For plant identification, I like The Aquarium Plant Handbook by Oriental Aquariums.

Or, you can just go to www.tropica.com for an online resource with most of the more common plants plus some of the more unusual/newest ones.

Carlos


----------



## Hanzo (Mar 9, 2004)

As fare as I know, there's not really any books that cover designs and layouts in any depth.
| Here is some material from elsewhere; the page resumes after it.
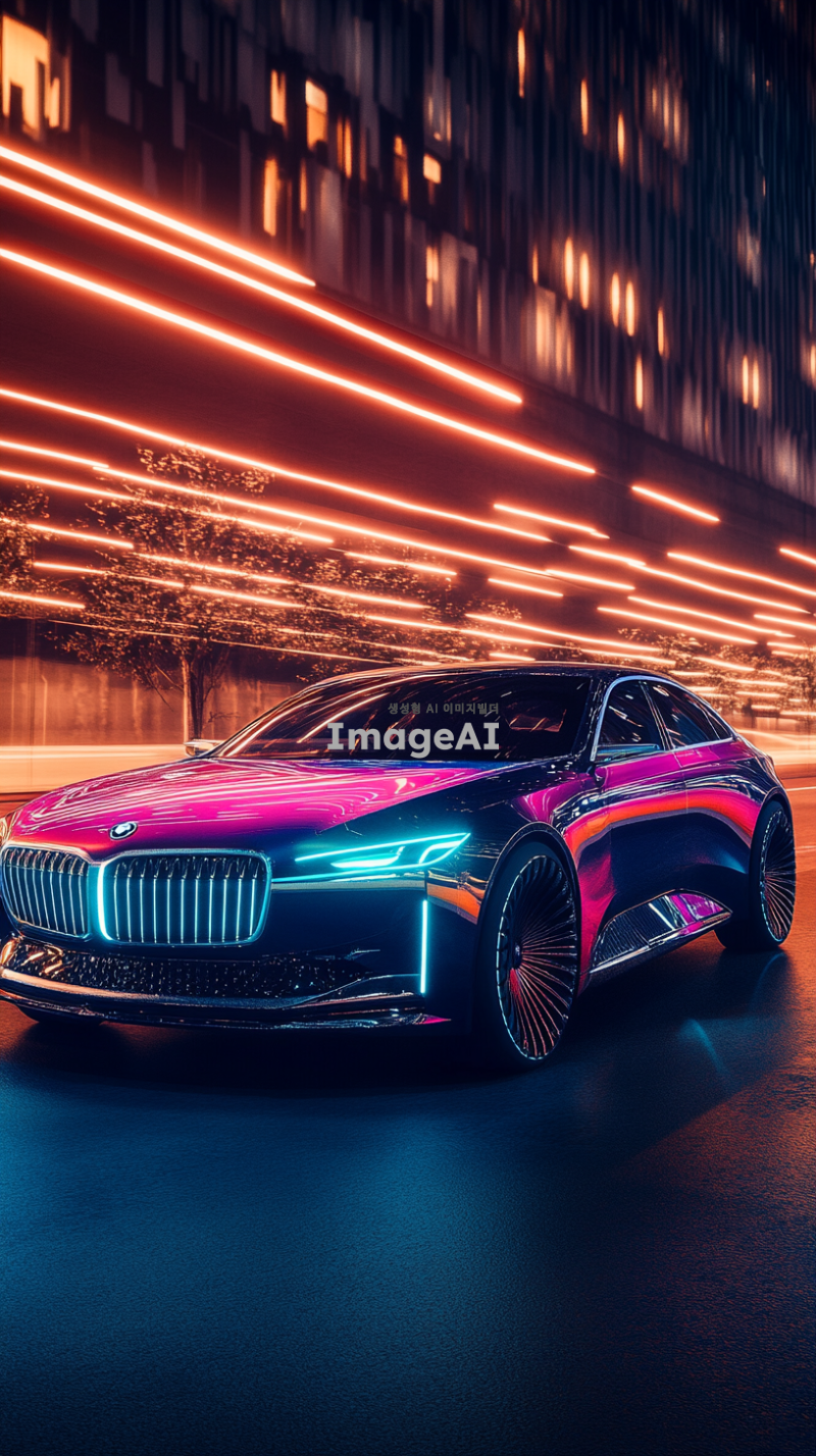 최고급 빛나는 하이브리드 자동차가 여러 색이 섞여 있는 모습, 세련된 디자인과 미래적인 요소가 강조된 외관, 도시의 배경에서 빛나는 조명 아래 주행하는 장면, 고급스러운 느낌을 주는 세부 묘사, 화려한 색상이 조화를 이루며 시선을 사로잡는 이미지.

Sure, you have amano's books, but that's just alot of photo's of his tanks, it dosent really tell you much about the concept and progress of the tank. there's alot of websites and stuff around, but it's mostly just a page or two, not something that cover the topic in deapth.


----------



## Pigheaddd (Feb 27, 2004)

tsunami said:


> For plant identification, I like The Aquarium Plant Handbook by Oriental Aquariums.
> 
> Or, you can just go to www.tropica.com for an online resource with most of the more common plants plus some of the more unusual/newest ones.
> 
> Carlos


Carlos,

where did you buy the aquarium plant handbook??? please let me know...

thanks,

Tim


----------



## Pigheaddd (Feb 27, 2004)

Hanzo said:


> As fare as I know, there's not really any books that cover designs and layouts in any depth. Sure, you have amano's books, but that's just alot of photo's of his tanks, it dosent really tell you much about the concept and progress of the tank. there's alot of websites and stuff around, but it's mostly just a page or two, not something that cover the topic in deapth.
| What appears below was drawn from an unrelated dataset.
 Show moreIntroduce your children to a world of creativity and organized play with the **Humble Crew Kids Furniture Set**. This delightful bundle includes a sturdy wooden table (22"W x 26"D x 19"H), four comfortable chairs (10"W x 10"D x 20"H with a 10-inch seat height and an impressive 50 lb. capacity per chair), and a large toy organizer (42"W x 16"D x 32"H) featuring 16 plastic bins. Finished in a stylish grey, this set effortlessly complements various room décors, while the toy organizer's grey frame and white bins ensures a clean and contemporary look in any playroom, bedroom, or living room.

i have a friend who has Japanese plants handbook, but he is not in the U. S. now. hard to contact with him... 

Tim


----------



## aquoi (Mar 21, 2004)

Aqua Journal magazines are pretty good. They have step by step layout guides.


----------



## Pigheaddd (Feb 27, 2004)

aquoi said:


> Aqua Journal magazines are pretty good. They have step by step layout guides.
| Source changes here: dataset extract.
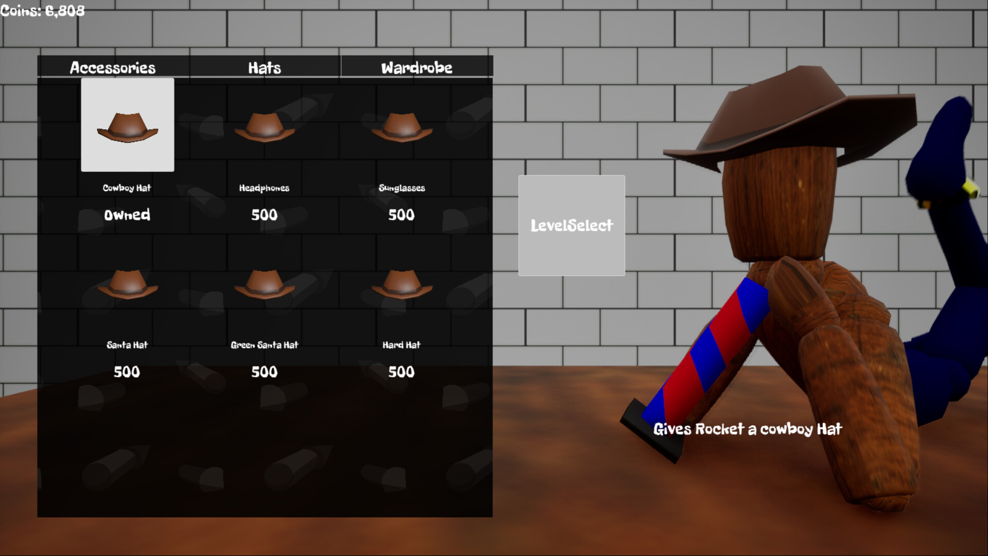 Coins are scattered across the lands. enemies and destructible objects will also drop coins. The more health the enemy has, and the more valuable the object, the more coins they will drop. You can use these coins in the shop to purchase accessories: 4 minor upgrades that can be applied at a time. Which 4 you may choose before entering a level. These usually have smaller effects that the armor, such as increasing your speed or decreasing the amount of ammo used when a weapon is fired. You can also buy hats, which have no effect on gameplay, but does look cool.

i'll go to ask my local Japanese bookstore. i have to bring a sample or publiser name something like that. i was going to order Japanese Wrestling Magazine, but they want me to bring one as sample. :lol: ... there are few books/magazines published by ADA that listed on the back of my ADA 2003 Catalog. hopefully they can find some for me. :wink:

Tim


----------



## Pigheaddd (Feb 27, 2004)

hahahaha... i got this one for my first plants ID book. 500 species.

Tim

updated: according database errors, need to delete pix. :roll:


----------



## rusticitas (Mar 10, 2004)

Pigheaddd said:


> tsunami said:
> 
> 
> > For plant identification, I like The Aquarium Plant Handbook by Oriental Aquariums.
> ...


I purchased my copy (and the Tropica book) from the Aquatic Gardners Association web site (www.aquatic-gardeners.org) bookstore.

-J


----------